= Problem =
Print the whole listing again exactly as it stands, leaving out any images.

= Material for this task =
________________________

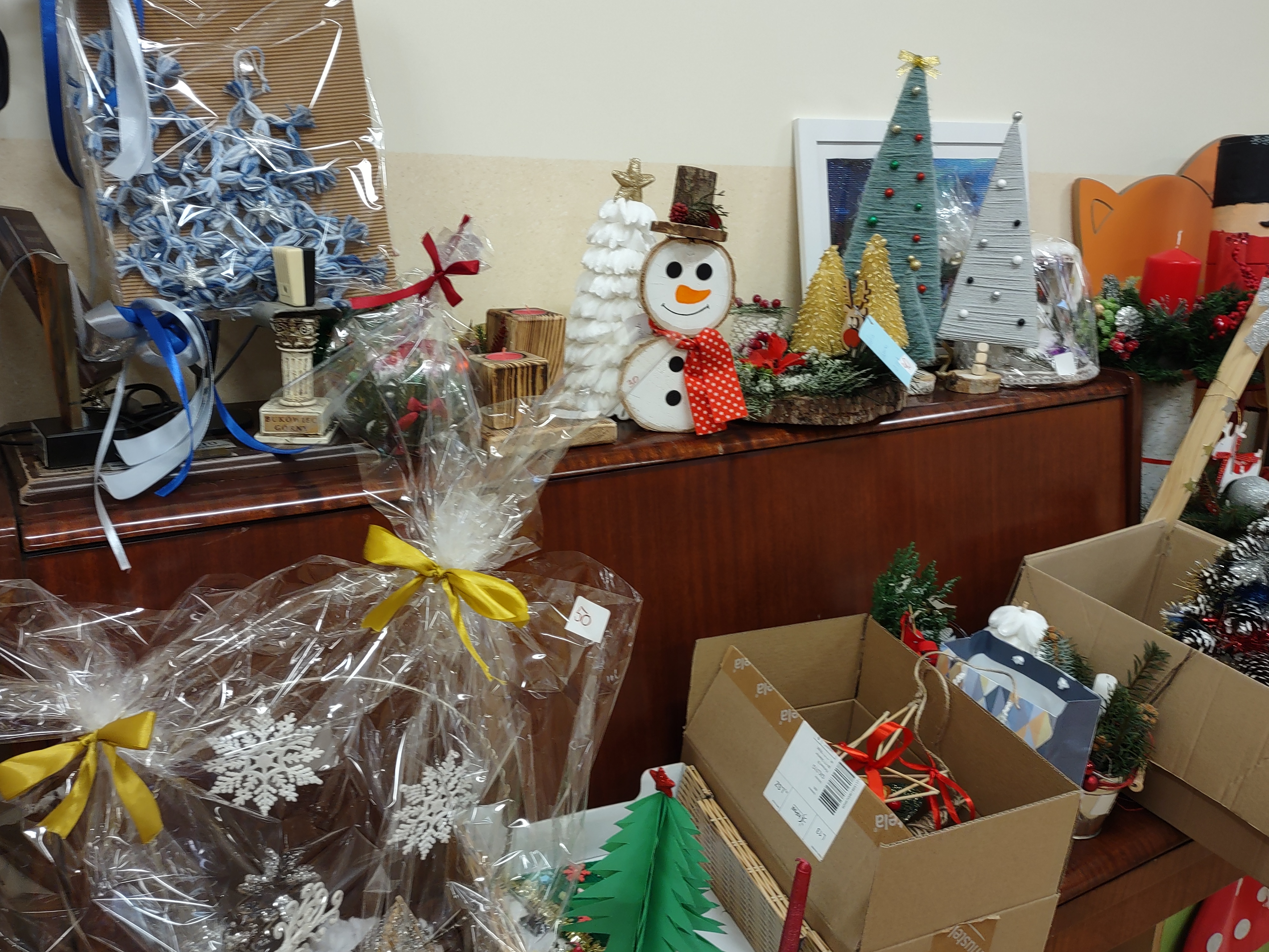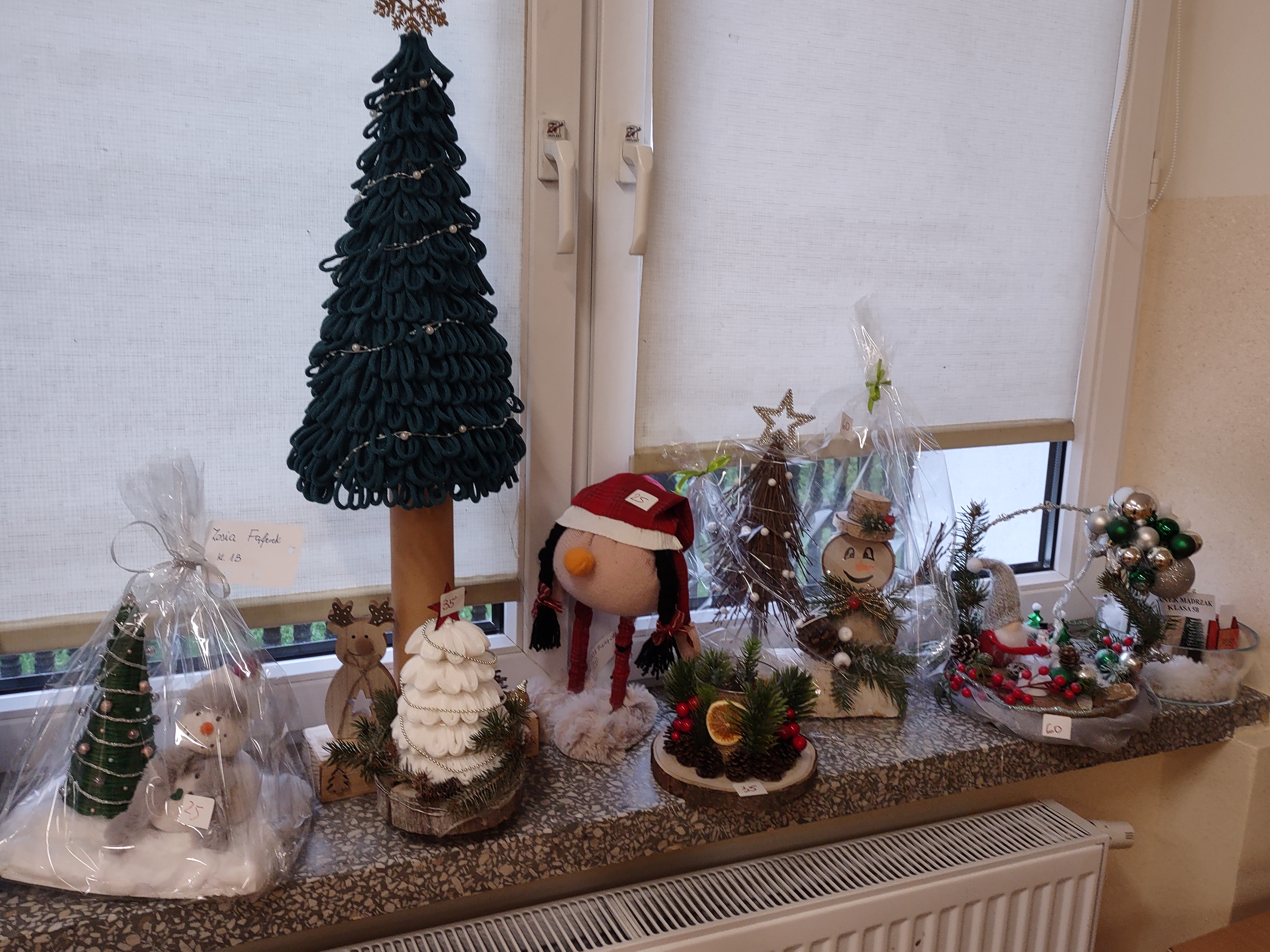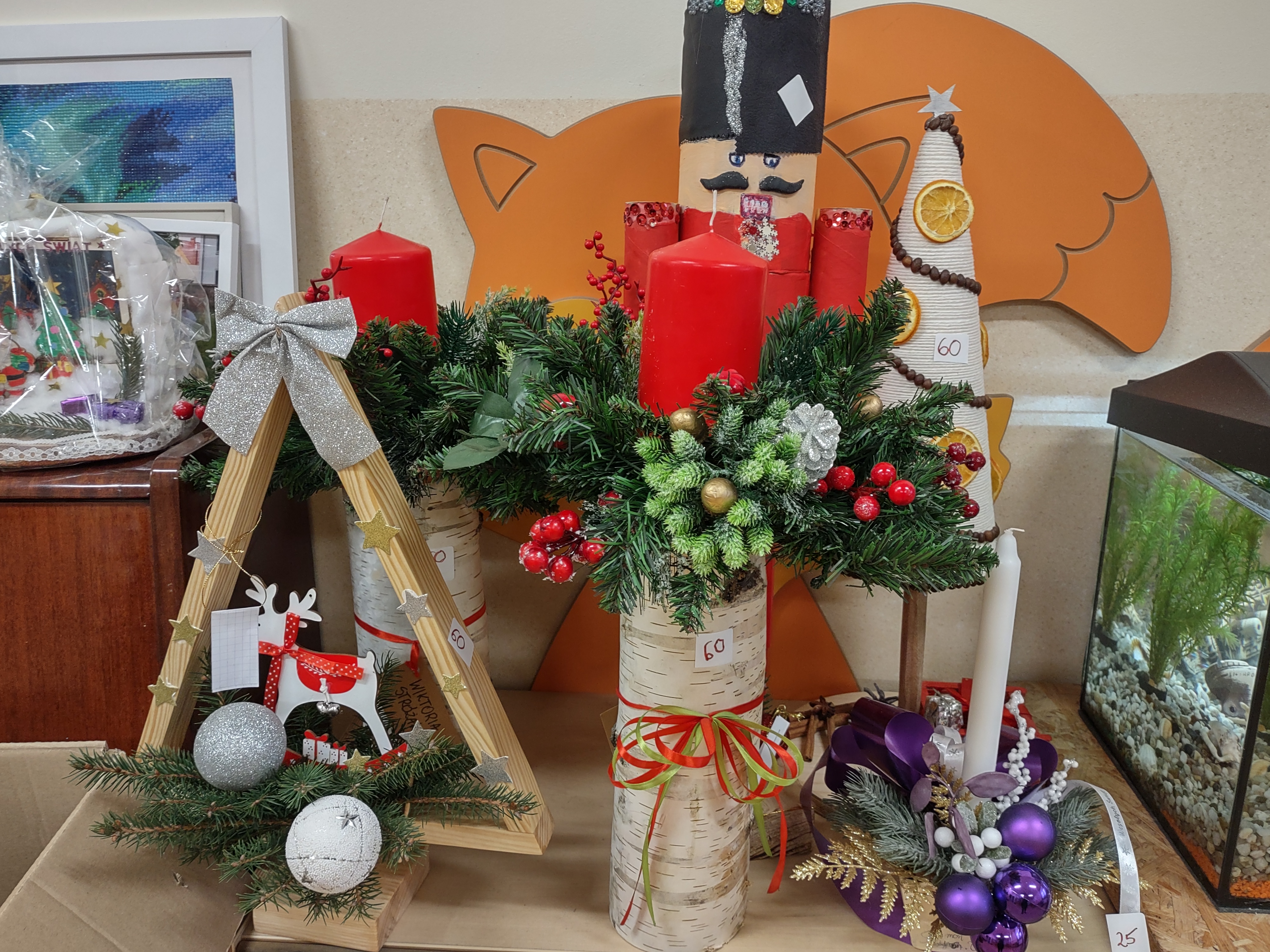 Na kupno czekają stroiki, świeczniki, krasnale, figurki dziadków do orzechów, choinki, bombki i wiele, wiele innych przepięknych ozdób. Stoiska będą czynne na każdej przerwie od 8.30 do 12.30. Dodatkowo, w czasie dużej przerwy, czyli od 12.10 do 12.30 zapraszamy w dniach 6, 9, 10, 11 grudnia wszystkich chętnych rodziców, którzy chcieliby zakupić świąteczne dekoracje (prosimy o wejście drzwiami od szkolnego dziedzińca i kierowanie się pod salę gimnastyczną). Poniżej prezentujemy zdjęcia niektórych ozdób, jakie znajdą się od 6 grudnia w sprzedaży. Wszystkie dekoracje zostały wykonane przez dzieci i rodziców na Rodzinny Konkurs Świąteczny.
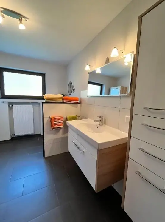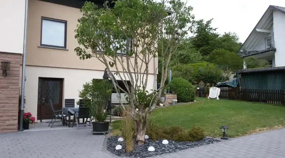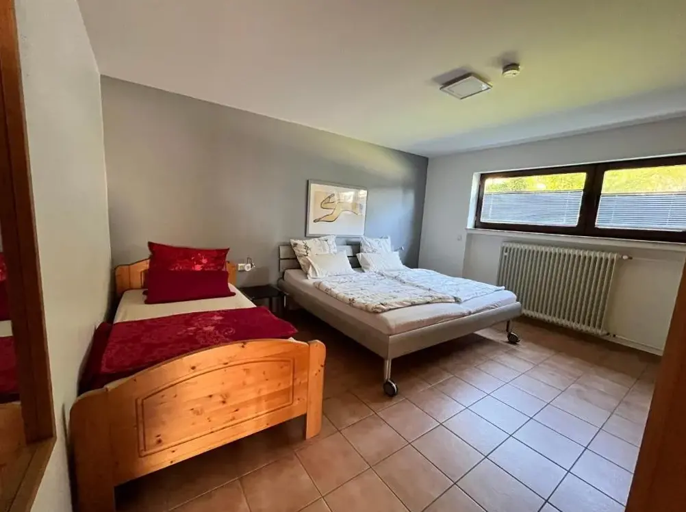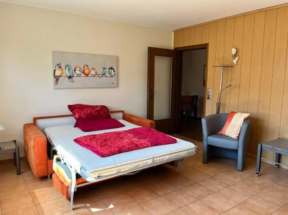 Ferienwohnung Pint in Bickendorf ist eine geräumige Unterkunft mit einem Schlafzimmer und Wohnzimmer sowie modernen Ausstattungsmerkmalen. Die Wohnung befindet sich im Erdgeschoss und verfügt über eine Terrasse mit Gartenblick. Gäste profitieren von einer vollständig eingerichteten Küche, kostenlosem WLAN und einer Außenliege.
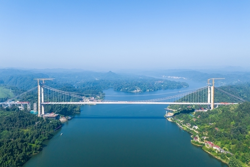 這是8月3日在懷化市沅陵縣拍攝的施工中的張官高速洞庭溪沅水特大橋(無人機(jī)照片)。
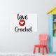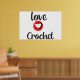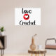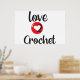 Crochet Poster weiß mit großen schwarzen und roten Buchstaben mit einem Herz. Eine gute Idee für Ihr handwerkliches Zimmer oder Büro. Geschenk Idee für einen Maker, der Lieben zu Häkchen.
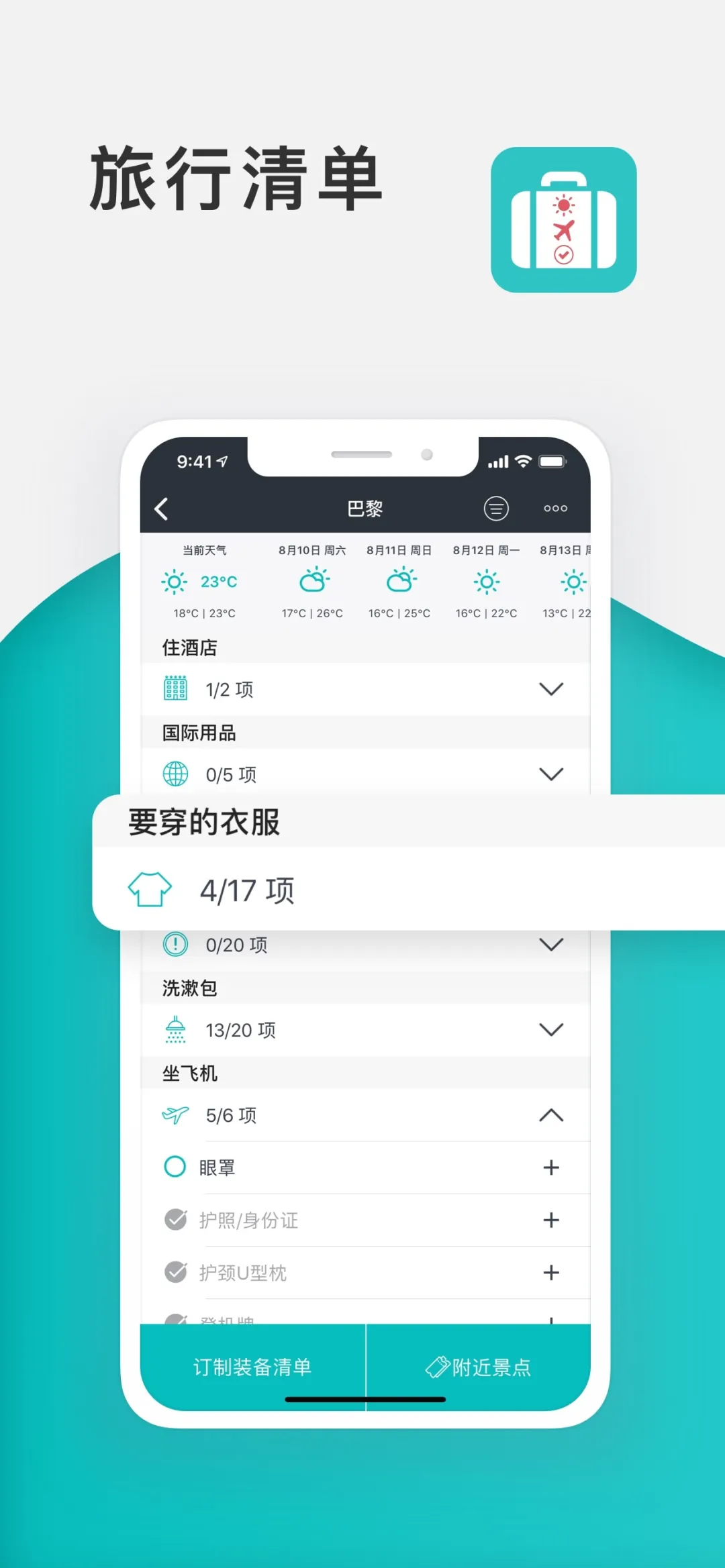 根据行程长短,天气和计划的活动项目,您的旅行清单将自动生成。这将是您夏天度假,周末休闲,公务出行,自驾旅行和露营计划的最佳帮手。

________________________

= Written answer =
 Na kupno czekają stroiki, świeczniki, krasnale, figurki dziadków do orzechów, choinki, bombki i wiele, wiele innych przepięknych ozdób. Stoiska będą czynne na każdej przerwie od 8.30 do 12.30. Dodatkowo, w czasie dużej przerwy, czyli od 12.10 do 12.30 zapraszamy w dniach 6, 9, 10, 11 grudnia wszystkich chętnych rodziców, którzy chcieliby zakupić świąteczne dekoracje (prosimy o wejście drzwiami od szkolnego dziedzińca i kierowanie się pod salę gimnastyczną). Poniżej prezentujemy zdjęcia niektórych ozdób, jakie znajdą się od 6 grudnia w sprzedaży. Wszystkie dekoracje zostały wykonane przez dzieci i rodziców na Rodzinny Konkurs Świąteczny.
 Ferienwohnung Pint in Bickendorf ist eine geräumige Unterkunft mit einem Schlafzimmer und Wohnzimmer sowie modernen Ausstattungsmerkmalen. Die Wohnung befindet sich im Erdgeschoss und verfügt über eine Terrasse mit Gartenblick. Gäste profitieren von einer vollständig eingerichteten Küche, kostenlosem WLAN und einer Außenliege.
 這是8月3日在懷化市沅陵縣拍攝的施工中的張官高速洞庭溪沅水特大橋(無人機(jī)照片)。
 Crochet Poster weiß mit großen schwarzen und roten Buchstaben mit einem Herz. Eine gute Idee für Ihr handwerkliches Zimmer oder Büro. Geschenk Idee für einen Maker, der Lieben zu Häkchen.
 根据行程长短,天气和计划的活动项目,您的旅行清单将自动生成。这将是您夏天度假,周末休闲,公务出行,自驾旅行和露营计划的最佳帮手。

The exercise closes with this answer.